[Data provided Boundary: Start]

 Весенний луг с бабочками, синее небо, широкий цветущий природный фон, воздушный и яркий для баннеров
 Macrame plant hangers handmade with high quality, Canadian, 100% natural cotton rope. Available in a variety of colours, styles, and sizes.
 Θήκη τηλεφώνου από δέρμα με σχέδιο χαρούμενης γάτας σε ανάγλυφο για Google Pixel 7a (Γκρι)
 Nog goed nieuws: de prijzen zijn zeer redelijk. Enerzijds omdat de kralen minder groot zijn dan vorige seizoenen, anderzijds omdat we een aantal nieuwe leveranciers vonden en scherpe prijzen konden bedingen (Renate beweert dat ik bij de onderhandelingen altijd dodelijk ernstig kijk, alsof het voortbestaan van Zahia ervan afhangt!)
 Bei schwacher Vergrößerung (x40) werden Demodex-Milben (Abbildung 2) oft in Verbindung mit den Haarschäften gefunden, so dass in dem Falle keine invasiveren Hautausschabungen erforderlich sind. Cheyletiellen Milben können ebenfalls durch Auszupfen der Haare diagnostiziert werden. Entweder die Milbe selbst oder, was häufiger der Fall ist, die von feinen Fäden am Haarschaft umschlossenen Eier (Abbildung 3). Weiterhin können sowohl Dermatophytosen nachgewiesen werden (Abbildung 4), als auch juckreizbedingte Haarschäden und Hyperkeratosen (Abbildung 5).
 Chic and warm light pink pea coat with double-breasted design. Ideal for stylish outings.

[Data provided Boundary: End]
[Data provided Boundary: Start]

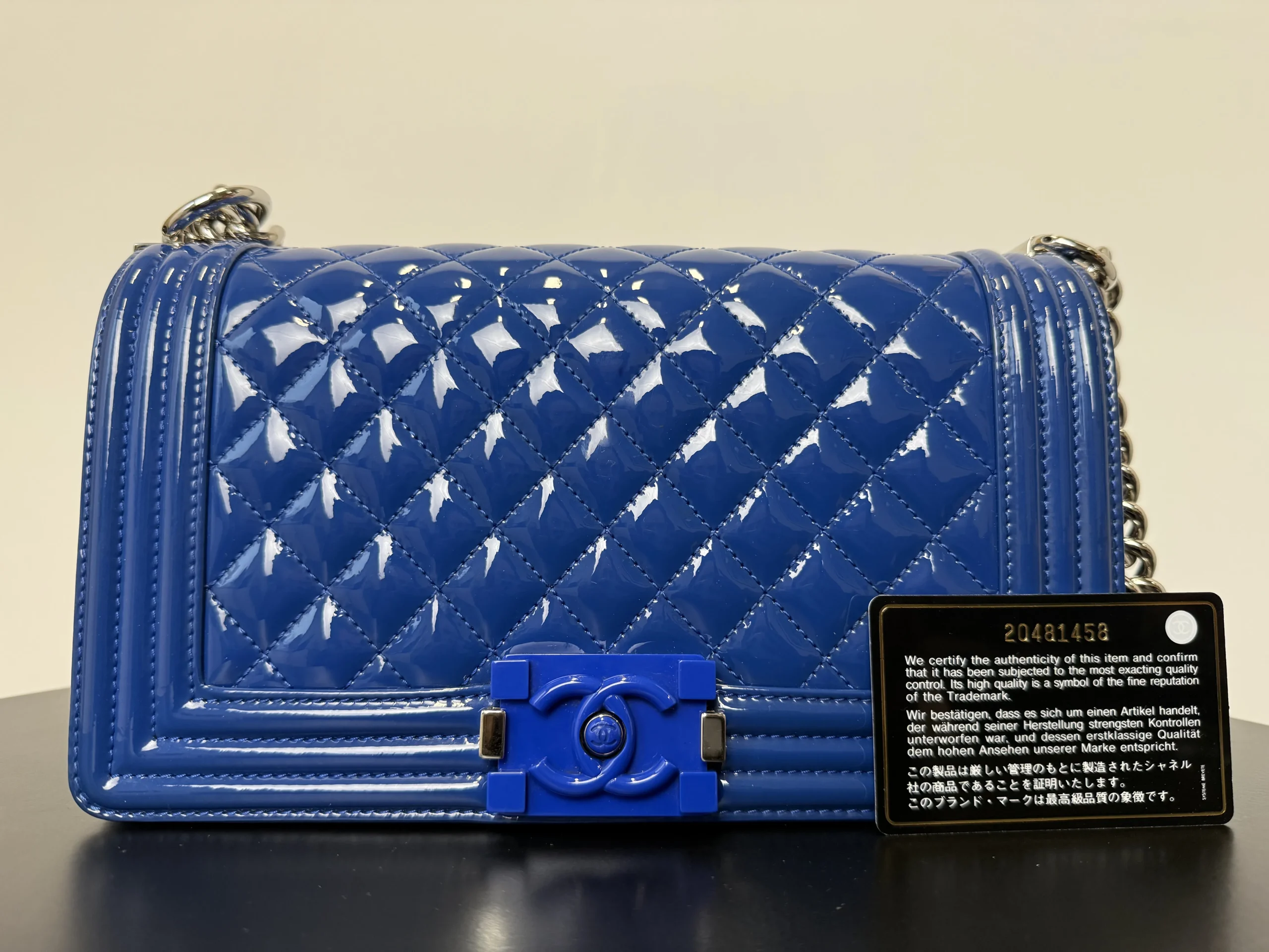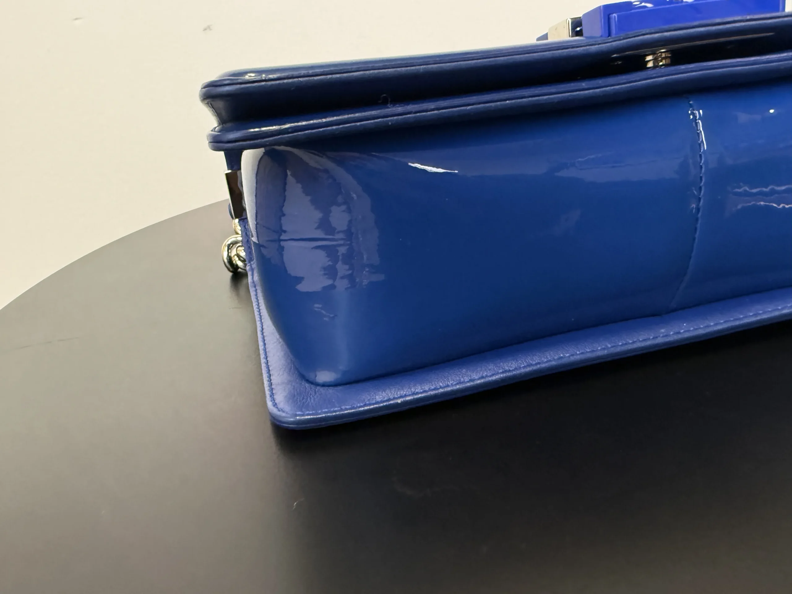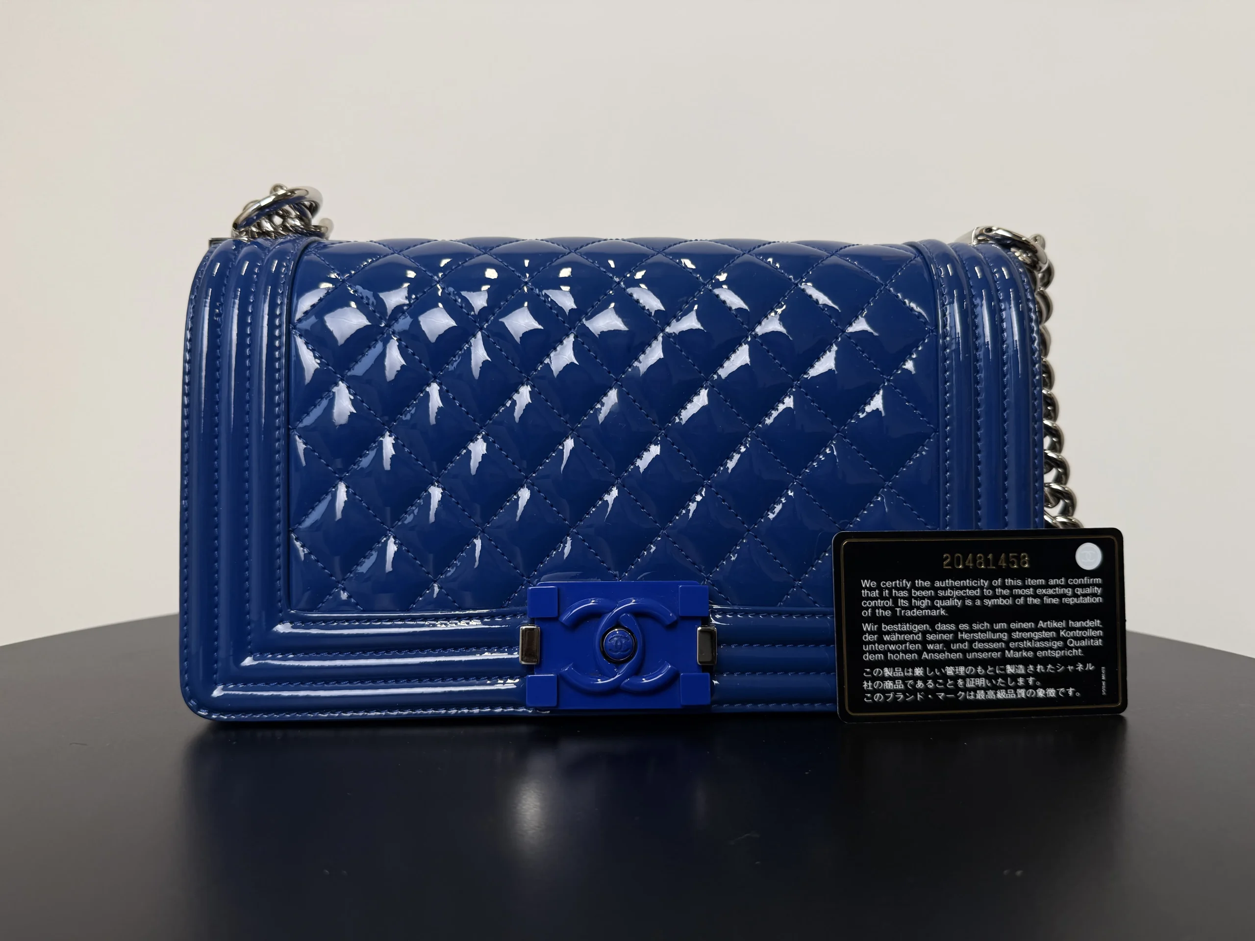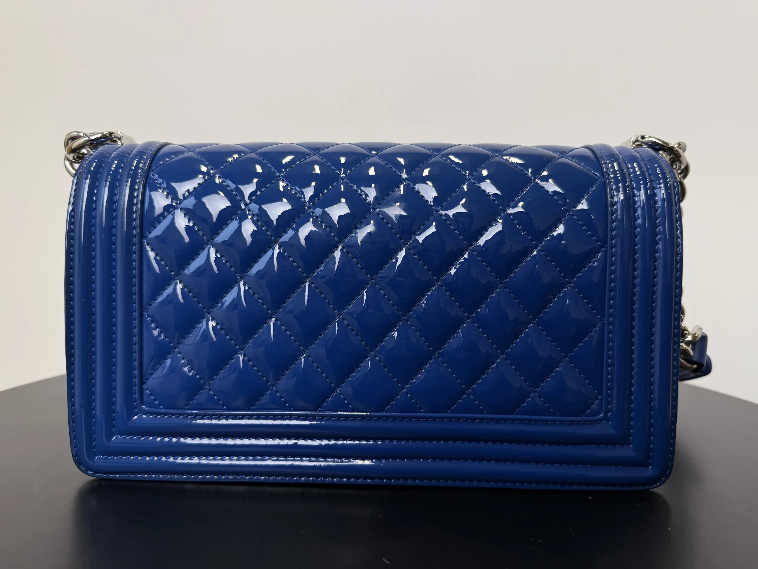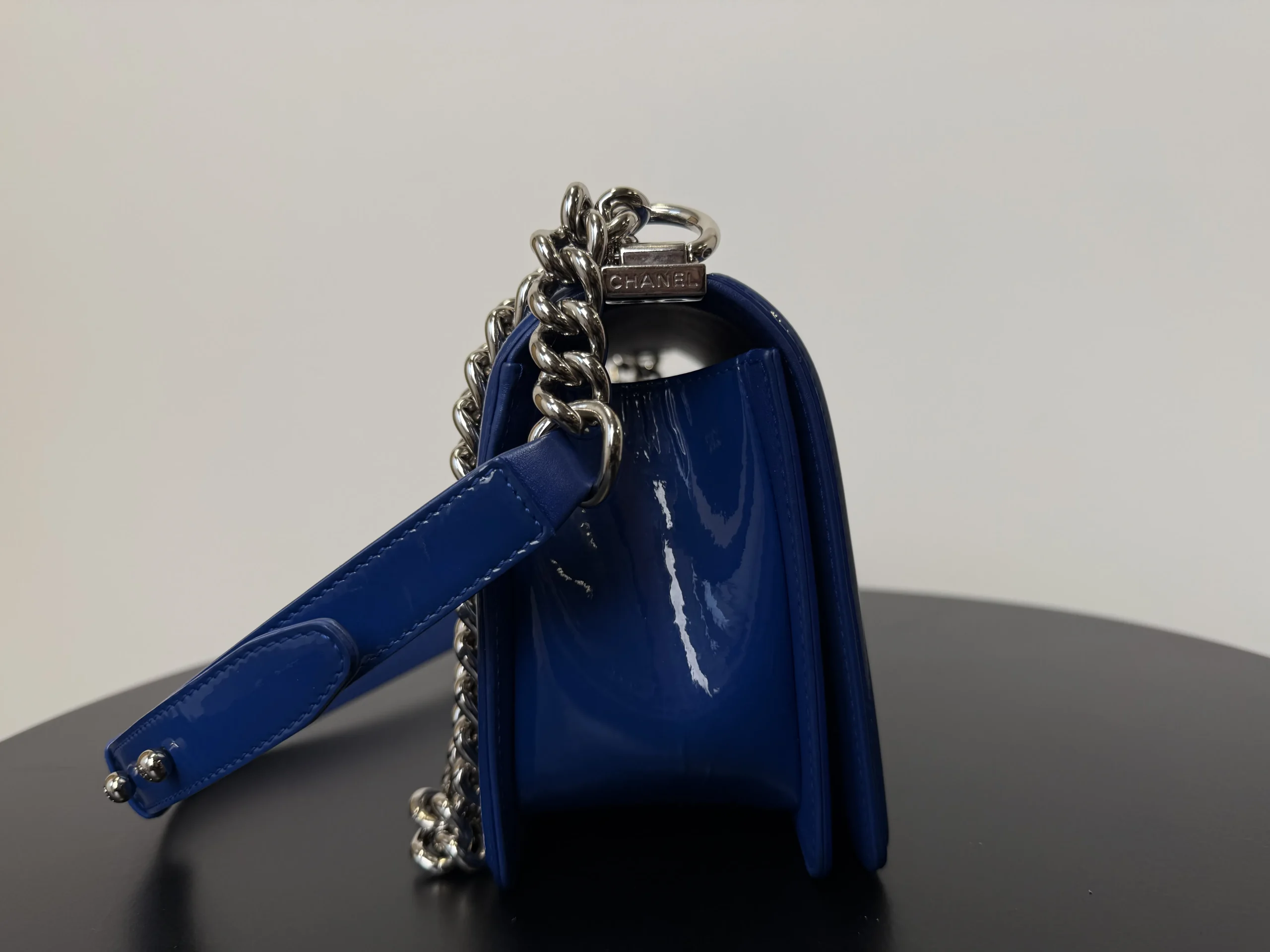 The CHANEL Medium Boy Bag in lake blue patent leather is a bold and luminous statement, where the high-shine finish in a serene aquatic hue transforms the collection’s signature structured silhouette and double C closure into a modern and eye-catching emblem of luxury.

[Data provided Boundary: End]

• Aim of the exercise: Wherever the word "with" turns up in a line of the listing, that line counts; report the total as a lone number.

• Answer section: 2